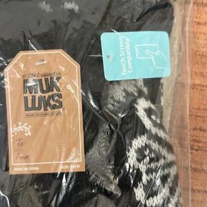 NWT Muk Luks Reversible Scarf, Beanie, and Touchscreen Gloves Set.
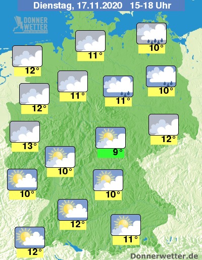 Am frühen Nachmittag zieht Warmfrontregen in den Nordosten. Sonst halten sich im Norden unseres Landes oft dichte Schichtwolken mit vereinzeltem Sprühregen. In der Südhälfte lässt sich zwischen den Wolken auch gelegentlich die Sonne blicken. Lokal können sich aber auch zähe Nebelfelder halten.
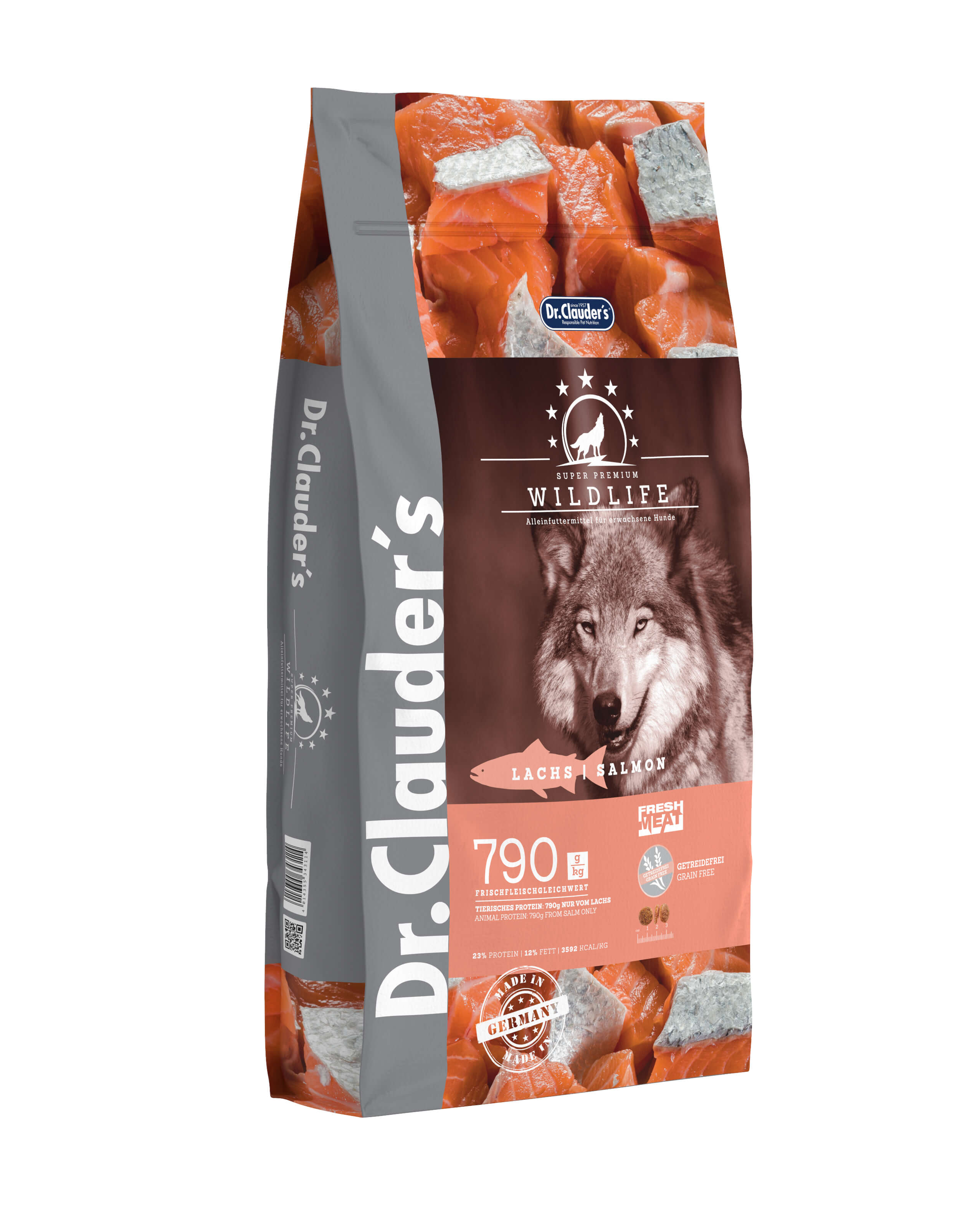 Zusammensetzung: Lachs 28%, Lachsmehl 17%, Kartoffelstärke, Süßkartoffeln (getrocknet), Rübentrockenschnitzel, Kartoffelmehl, Erbsen (getrocknet), Fischöl, vegetarisches Eiweißhydrolysat, Hefe-Beta Glucane, Chicoreepulver, Yucca-Schidigera-Pulver, Brennessel (getrocknet), Brombeerblätter (getrocknet), Schafgarbenkraut (getrocknet), Fenchel (getrocknet), Kümmel (getrocknet), Kamillenblüten (getrocknet), Mistelkraut (getrocknet), Enzianwurzel (getrocknet), Tausendgüldenkraut (getrocknet).
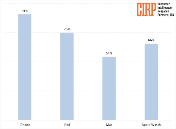 根据市场调查机构CIRP发布的报告,调查显示上一季度购买过苹果产品的用户群体中,有91%拥有iPhone、75%拥有 iPad、66%拥有Apple Watch、54%拥有Mac电脑。
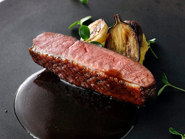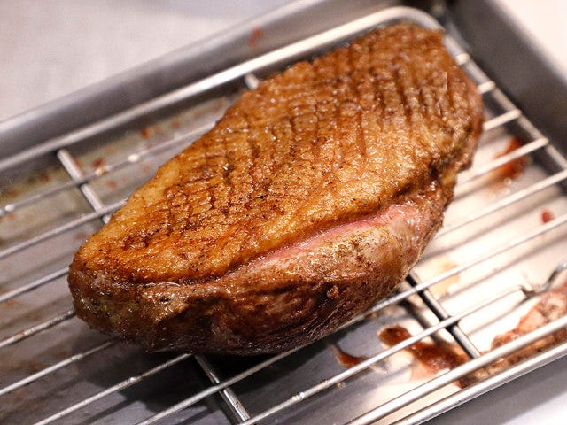 「プレジール」のアントレでは、「シャラン鴨のロースト 12種類のスパイスのラケ」(写真下)を提供。鴨の胸肉を使用し、肉の繊維を見て大きくカットする手法は、近代のフランス料理で使われる技法なのだとか。このカットにより、肉のジューシー感が増すという。

────────────────────────────────────────

#### EXERCISE AIM
An exact transcription of the records above is needed, with no pictures included.

#### RESPONSE TO THE TASK
 NWT Muk Luks Reversible Scarf, Beanie, and Touchscreen Gloves Set.
 Am frühen Nachmittag zieht Warmfrontregen in den Nordosten. Sonst halten sich im Norden unseres Landes oft dichte Schichtwolken mit vereinzeltem Sprühregen. In der Südhälfte lässt sich zwischen den Wolken auch gelegentlich die Sonne blicken. Lokal können sich aber auch zähe Nebelfelder halten.
 Zusammensetzung: Lachs 28%, Lachsmehl 17%, Kartoffelstärke, Süßkartoffeln (getrocknet), Rübentrockenschnitzel, Kartoffelmehl, Erbsen (getrocknet), Fischöl, vegetarisches Eiweißhydrolysat, Hefe-Beta Glucane, Chicoreepulver, Yucca-Schidigera-Pulver, Brennessel (getrocknet), Brombeerblätter (getrocknet), Schafgarbenkraut (getrocknet), Fenchel (getrocknet), Kümmel (getrocknet), Kamillenblüten (getrocknet), Mistelkraut (getrocknet), Enzianwurzel (getrocknet), Tausendgüldenkraut (getrocknet).
 根据市场调查机构CIRP发布的报告,调查显示上一季度购买过苹果产品的用户群体中,有91%拥有iPhone、75%拥有 iPad、66%拥有Apple Watch、54%拥有Mac电脑。
 「プレジール」のアントレでは、「シャラン鴨のロースト 12種類のスパイスのラケ」(写真下)を提供。鴨の胸肉を使用し、肉の繊維を見て大きくカットする手法は、近代のフランス料理で使われる技法なのだとか。このカットにより、肉のジューシー感が増すという。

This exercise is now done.